Two different objections.

First, while the most written-about musicians are also generally the most popular, there isn't a strict correlation.

Second, there is a vast difference between a decision-process of "if the sources provided show that this person is popular, they are notable" and "if three of the four Wikipedia editors surveyed like this person's music, they are notable".

1. You are both correct and incorrect. The most well written about musicians are the most popular by definition within the group of people who write about musicians. A) This does not mean that those musicians are popular within some sizeable portion of the general population. B) The preferences of the people writing about musicians (that wikipedia will accept as a source) are not guaranteed to be representative of the population at large, in fact I'd wager that essentially guaranteed to be not true at different points in time and for different genres.

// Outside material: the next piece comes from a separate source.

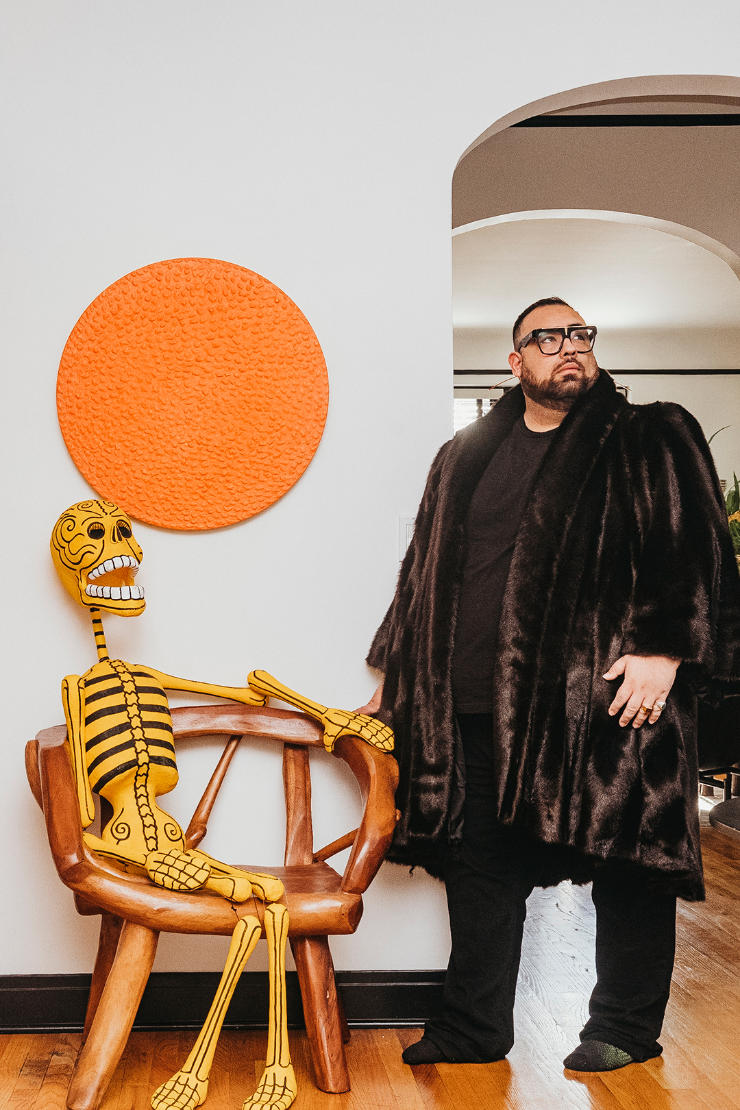 Aguilar’s expansive art collection enlivens the conversation. Guests are greeted in the front hall by a floating orange sphere—Martha (2001) by McArthur Binion—and a life-size papier-mâché skeleton purchased in Coyoacan, Mexico, near Frida Kahlo’s Blue House. A large gestural abstract by Brooklyn-based artist Kaveri Raina, titled Revolt; Internal Brewing Slow Rage (2021), sits on the mantel in the living room. (The stunning fireplace, however, is not working at the moment. “It’s conceptual,” Aguilar jokes.)

Wikipedia is choosing to conflate the popularity of an artist amongst the writing group and the popularity in the broader public. And when the two groups disagree, they are choosing to go with those who write rather than with the broader public.

2. This isn't about "the sources provided shot that he's popular", it's do we acknowledge that their contribution is defined as popular. Dragon Ball Z is/was an incredibly popular and influential anime.

I guess all it takes now is for someone at WIRED who loved Dragon Ball Z to publish an article or two about them and they suddenly become notable.

I was about to post this.
Not exactly. A musician who is very popular but for whom there is not significant coverage in reliable independent sources would likely not meet the notability requirements.
If the policy is “you must feature in Grove’s”, Wikipedia becomes even more derivative than it already is.
As it was always intended be. Secondary sources only, no original research.
> It wouldn't be entirely unfair to say that Wikipedia's policies are designed to keep people like Mr. Gioia off the site and out of the decision making process.

Why? Who is he and what has he done that might make Wikipedia dislike him?

Ted Gioia is a prolific author on jazz musicology and history; I have several of his books and find them to be informative and entertaining.